Could you ask to look after the dog for a few days to assess his behaviour in your home? It would be a happy ending for him to move to an owner that would look after him properly and walk him daily. You just have to be sure he is a good forever match for you.

tumblingdowntherabbithole · 19/09/2025 08:33

Why are you so fixated on this particular dog?

ThePure · 19/09/2025 08:49

Got our dog from a rescue around this age. We love him to bits and are committed to him but to be honest it’s been a rough ride

11 months is peak dog adolescence where they usually go through a patch of testing boundaries and bad behaviour even if you already had a bond and some training. What with all the chewing stuff up, running away, reactivity and waking at night I frequently wanted to give him back the first year

ours was not neutered when we got him and I guess yours will not be either. This meant that he would get very excited about females in heat anywhere in the vicinity to the extent he would not eat and he humped a lot: humans, dogs, inanimate objects. We could not let him off lead in case he ran off. Plus we had to pay for the op and get him through recovering

Ours is largely good with other dogs but he chases cats and is very reactive to motorbikes and not safe to be walked near traffic which is limiting. That might have been due to lack of early socialisation and has not proved possible to change. I can never take him to a pub or cafe unless we can sit outside as he is too unpredictable. He has random triggers like once he lost it with guy carrying a high chair. He’s big and not an ‘easy’ breed so those are factors but it might also be not having that socialisation period to such triggers.

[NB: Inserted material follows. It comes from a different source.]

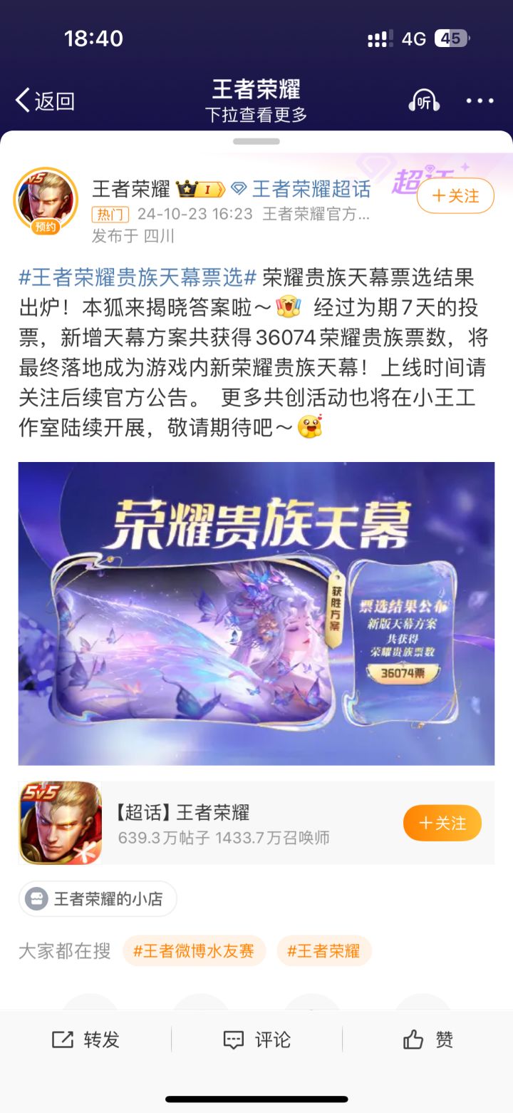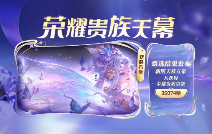 荣耀贵族天幕票选结果出炉!本狐来揭晓答案啦~ 经过为期7天的投票,新增天幕方案共获得36074荣耀贵族票数,将最终落地成为游戏内新荣耀贵族天幕!上线时间请关注后续官方公告。 更多共创活动也将在小王工作室陆续开展,敬请期待吧~ 大觉得这款皮肤怎么样

On the plus side ours was toilet trained and never had any accidents in the house and he is very nice with other dogs I think because he was used to so many in the pound and the rescue centre. He seems to read other dogs well and adjust to them eg be playful with bouncy ones and quiet with nervous dogs.

I never wanted a puppy either but I think 11 months is quite a hard age to get a dog. You may end up with a dog with reactivity or separation anxiety and then you just have to work around it and they may never be able to do things you hoped for.

If I had my time over I will never get a puppy but I would get an older dog (over 2) from a rescue centre.